We obtained rain gauge data from our own field sites, located near the community of Tuni, Bolivia (16.67°S, 68.13°W) and by Nevado Sajama (henceforth Sajama; 18.11°S, 68.89°W), an extinct stratovolcano and the highest peak in Bolivia (6542 m). Tuni, in the east (Cordillera Real), and Sajama, in the west (Cordillera Occidental), are marked on Fig. 1. The field sites have recording rain gauges installed in valleys below the local permanent snow lines (Table 1). We obtained event counts, event amounts, rain rates, and event durations from the recording gauge data at Tuni and Sajama. The installed gauges are tipping-bucket-type gauges, the HOBO Data Logging Rain Gauge (RG3) from Onset Computer Corporation. Tipping-bucket tips were converted to tip minutes (i.e., minutes where tips occurred), and then to amounts (1 tip = 0.254 mm). Rainfall rates were derived from linear interpolation of the tip minutes (Wang et al. 2008). Event duration was calculated from the first tip to the last tip, where the last tip was defined as no more than 1 h from the previous tip but more than 1 h to the next tip. We defined a multitip rainfall event as at least two tips spaced no more than 1 h apart. Although half-hour spacing was used in African environments dominated by deep convection (Cosgrove and Garstang 1995; Balme et al. 2006; Haile et al. 2011), the light rain rates derived from the recording gauge data at Tuni and Sajama suggested a more generous definition of “event” than deep convection–dominated sub-Saharan Africa. At Tuni, 234 of 365 observed events were multitip (65%), and at Sajama 18 of 39 events (46%) were multitip.

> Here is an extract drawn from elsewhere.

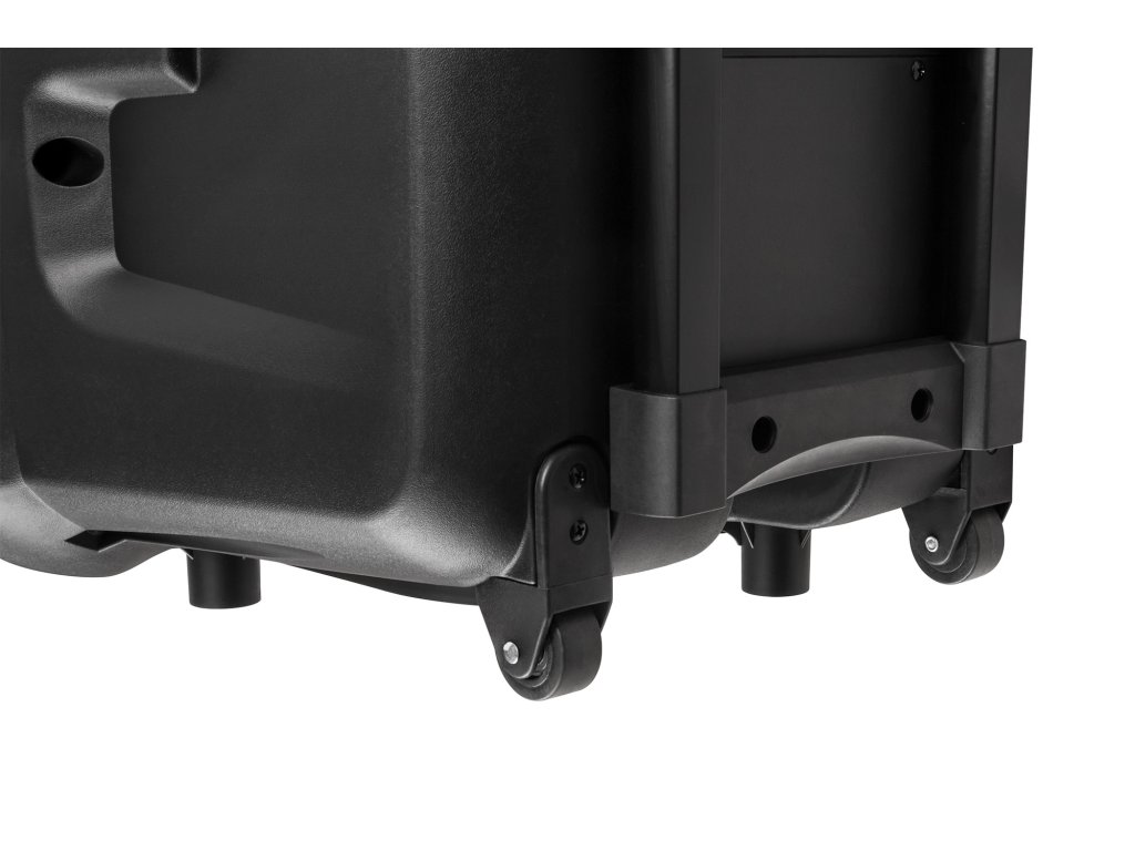 Nem szeret sokáig egy helyben maradni? Hagyja, hogy kedvenc zenéje mindig elkísérje Önt! A kényelmes fogantyúnak és a stabil görgőknek köszönhetően könnyedén szállíthatod az oszlopot a helyszínre.

Elevation and data availability for the recording rain gauges installed at Tuni and Sajama.
In addition to point observations, we used gridded data products in the analysis. The 1-arc-min (~0.01°) gridded elevations/bathymetry for the world (ETOPO1) global relief model is available from the National Oceanic and Atmospheric Administration (NOAA) National Geophysical Data Center. It integrates topographic and bathymetric information into a single digital file and is easily analyzed for slope and aspect with geographic information system (GIS) software ArcGIS from ESRI. For mapping seasonal rainfall across the study region, we relied on the multisatellite TRMM 3B43 (version 7) gridded monthly means at 0.25° resolution. Since we use the PF database for examining specific cases rather than gridded rainfall products, we use the 3B43 for the task of depicting seasonality and regional-scale rainfall gradients.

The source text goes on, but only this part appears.